### [What needs to be done]
Could you set down the lines from the first line of the entries below through the line with "Svart tracksuit från", exactly and with no pictures?
Segment Start: Recorded information
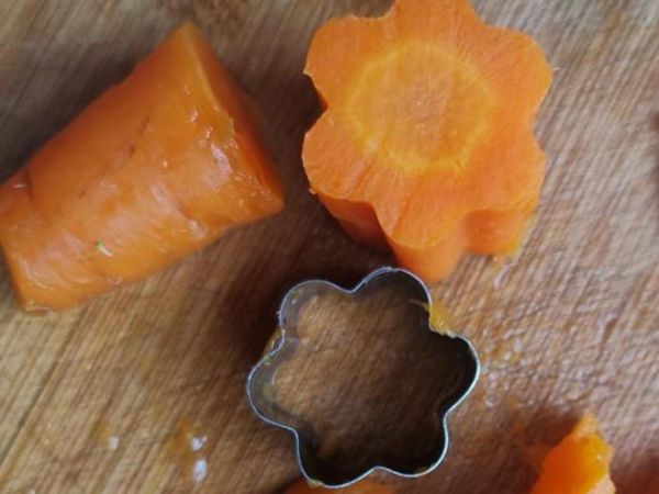 胡萝卜用花形的小模具压出花形摆入便当盒就可以,不但好看而且更诱人。
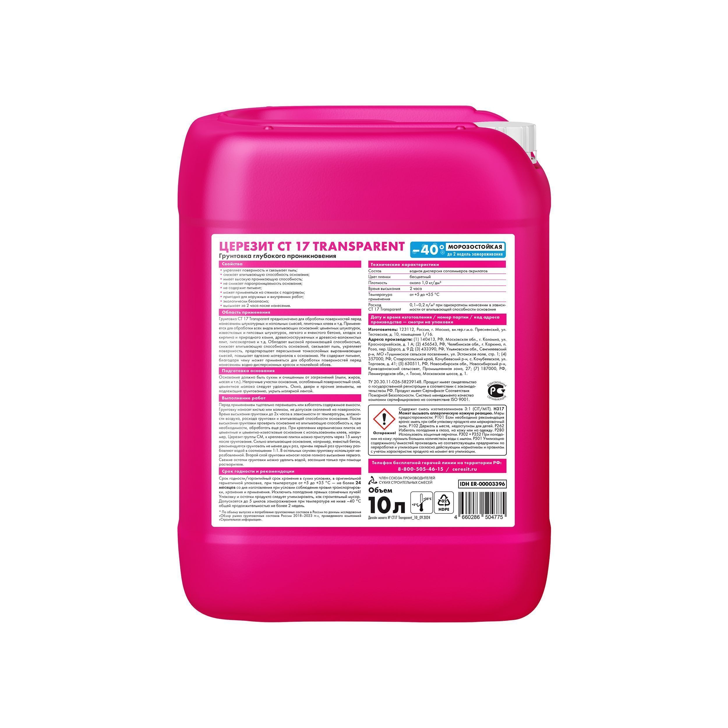 Грунтовка Церезит СТ-17 Transparent морозостойкая бесцветная 10л, арт. 3040024, (на поддоне 60шт)
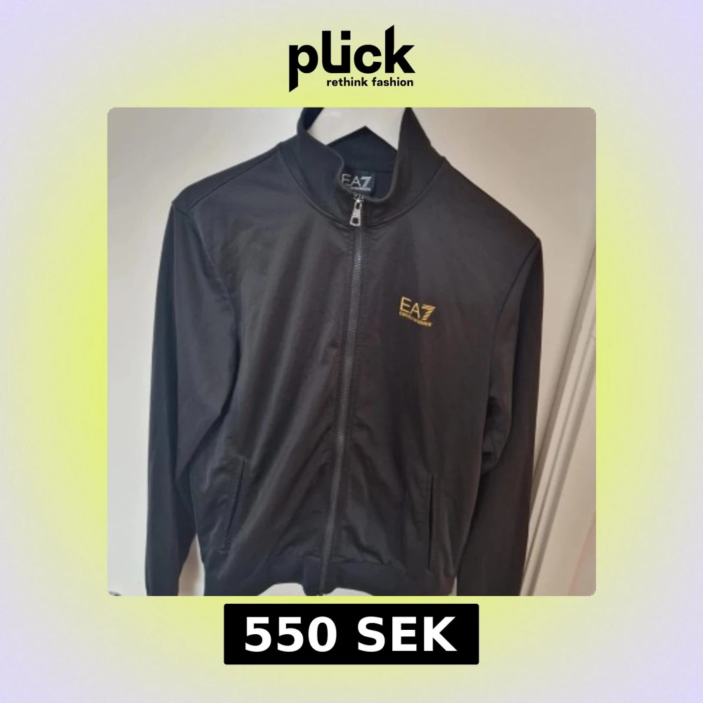Svart tracksuit från EA7 Emporio Armani med guld logga på bröstet och snygga guldfärgade detaljer på ryggen. Jackan har dragkedja framtill, ståkrage och två sidofickor. Perfekt för dig som gillar stilren och sportig design. Dessutom får du med de stiliga byxorna med loggan på baksidan av byxorna
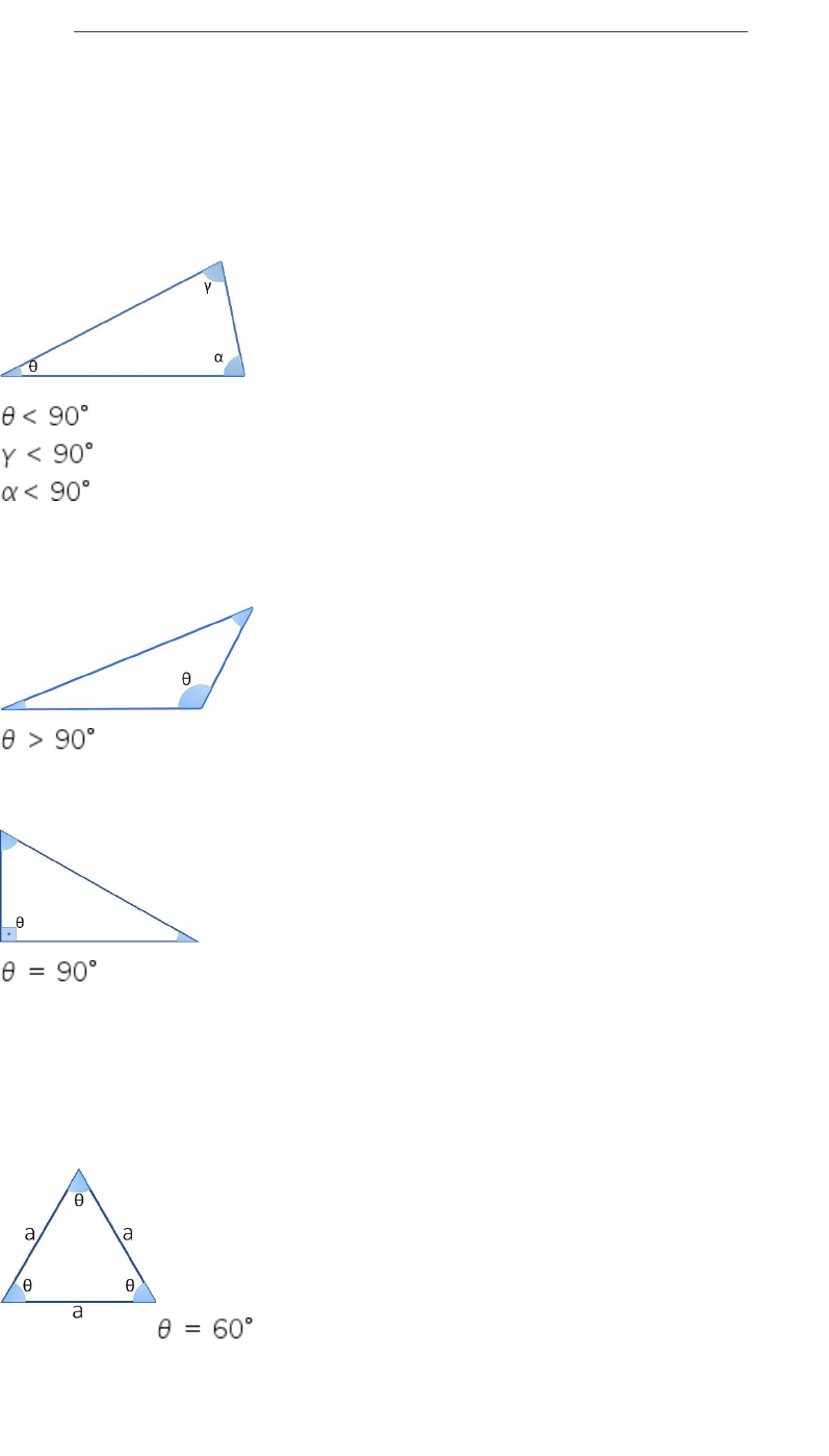 <p>GEOMETRIA: ESTUDANDO UM POUCO OS TRIÂNGULOS</p><p>Triângulo é um polígono de três lados e três ângulos. Há seis tipos de triângulos e sua classificação depende da disposição dos ângulos internos e das medidas de seus lados.</p><p>Tipos de triângulos em relação aos ângulos</p><p>Triângulo acutângulo: Um triângulo é acutângulo quando possui os três ângulos agudos, ou seja, com menos de 90°.</p><p>Teta, Gama e Alfa</p><p>Triângulo obtusângulo: Um triângulo é obtusângulo quando possui um ângulo obtuso, ou seja, com mais de 90°.</p><p>Triângulo retângulo: Um triângulo é retângulo quando possui um ângulo reto, de 90°.</p><p>Tipos de triângulos em relação às medidas dos lados:</p><p>Triângulo equilátero: Um triângulo equilátero possui os três lados com a mesma medida de comprimento. Por consequência, todo triângulo equilátero também é equiângulo e acutângulo, pois todos os seus ângulos são iguais a 60°.</p><p>Três lados iguais com medida a.</p><p>Três ângulos iguais com medida de 60°. Vértices: pontos A, B e C</p><p>Lados: segmentos de reta AB, BC, CD</p><p>Triângulo isósceles: Um triângulo isósceles possui dois lados com a mesma medida de comprimento. Por consequência, dois ângulos iguais.</p><p>Dois lados com medidas iguais a.</p><p>Dois ângulos com medidas iguais.</p><p>Triângulo escaleno: Um triângulo é escaleno quando seus três lados possuem medidas de comprimento diferentes. Por consequência, seus três ângulos possuem medidas diferentes.</p><p>Os lados a, b e c possuem medidas diferentes entre si.</p><p>Os ângulos e possuem medidas diferentes entre si.</p><p>Classificação dos triângulos</p><p>Um mesmo triângulo tem duas classificações: uma em relação aos lados e outra em relação aos ângulos.</p><p>· Todo triângulo equilátero também é acutângulo.</p><p>· Um triângulo isósceles pode ser retângulo, obtusângulo ou acutângulo.</p><p>· Um triângulo escaleno pode ser retângulo, obtusângulo ou acutângulo.</p><p>Examinando a figura acima, responda: a) Qual é o lado oposto ao ângulo C? AB</p><p>b) Qual é o ângulo oposto ao lado AB? C</p><p>image6.png</p><p>image7.jpeg</p><p>image8.png</p><p>image9.jpeg</p><p>image10.jpeg</p><p>image11.png</p><p>image12.png</p><p>image13.png</p><p>image1.jpeg</p><p>image2.png</p><p>image3.jpeg</p><p>image4.png</p><p>image5.jpeg</p>
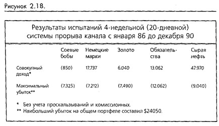 Уильям Гэлэчер в своей изумительно остроумной книге "Winner Takes All: A Privateer's Guide to Commodity Trading" протестировал 10-дневную систему прорыва на 10 различных товарах за период 130 недель. Результаты показали, что этот простой 10-дневный канал произвел доход на заслуживающем уважения уровне 24 процентов годовых. (Кстати, мы не знаем издается ли еще книга Гэлэчера, но если вы ее увидите, купите. Это одна из наших любимых работ.)
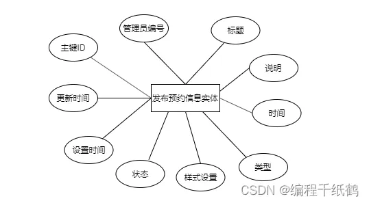 6、发布预约体检信息实体:主要存储管理员发布的预约体检的设置信息,主要包含管理员编号,预约样式设置,分类编号,状态等信息。
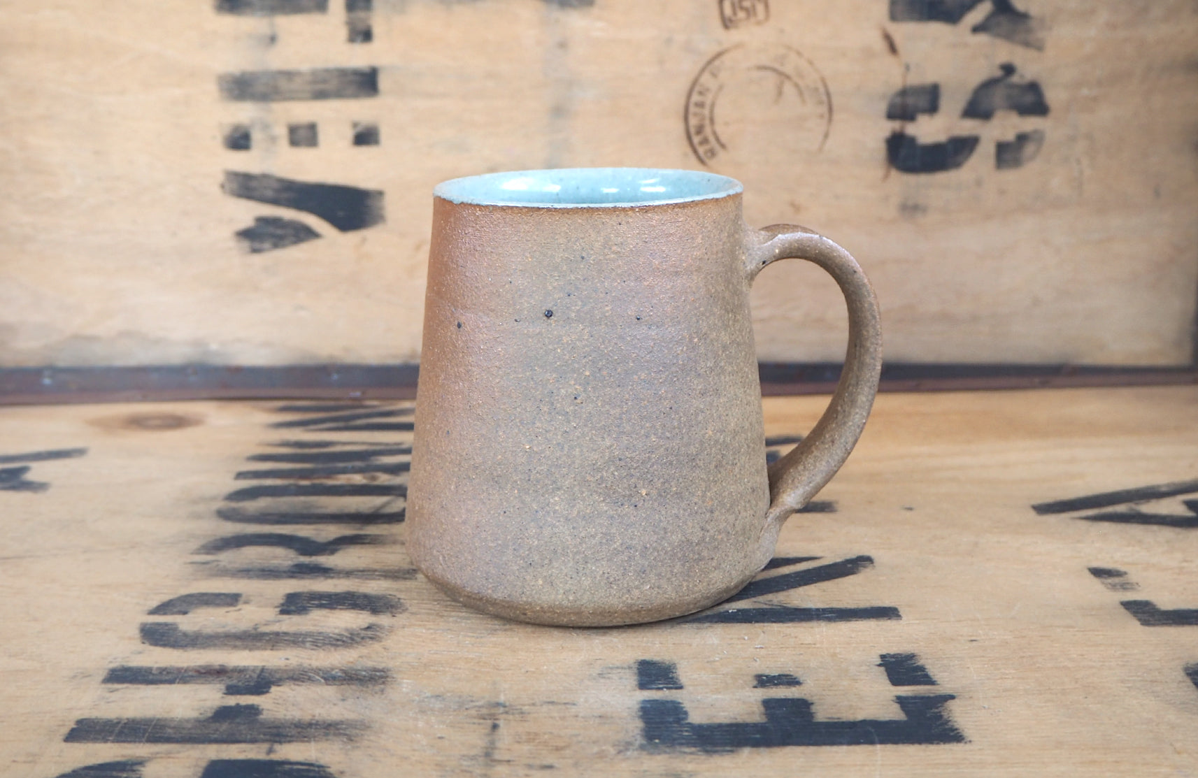 A super satisfyingly large tankard style stoneware mug, created with iron rich Cornish clay, intentionally left unglazed on the exterior, as the wood firing creates a natural flow and gradient of vibrant and warming tones, toasted orange, browns and a detail of natural speckled ashing due to long firing all with a tactile feel. The interior glazed in a cool jade celadon, offering brightness and fine glassy crackle.
Segment End: Recorded information
### [Finished task]
 胡萝卜用花形的小模具压出花形摆入便当盒就可以,不但好看而且更诱人。
 Грунтовка Церезит СТ-17 Transparent морозостойкая бесцветная 10л, арт. 3040024, (на поддоне 60шт)
Svart tracksuit från EA7 Emporio Armani med guld logga på bröstet och snygga guldfärgade detaljer på ryggen. Jackan har dragkedja framtill, ståkrage och två sidofickor. Perfekt för dig som gillar stilren och sportig design. Dessutom får du med de stiliga byxorna med loggan på baksidan av byxorna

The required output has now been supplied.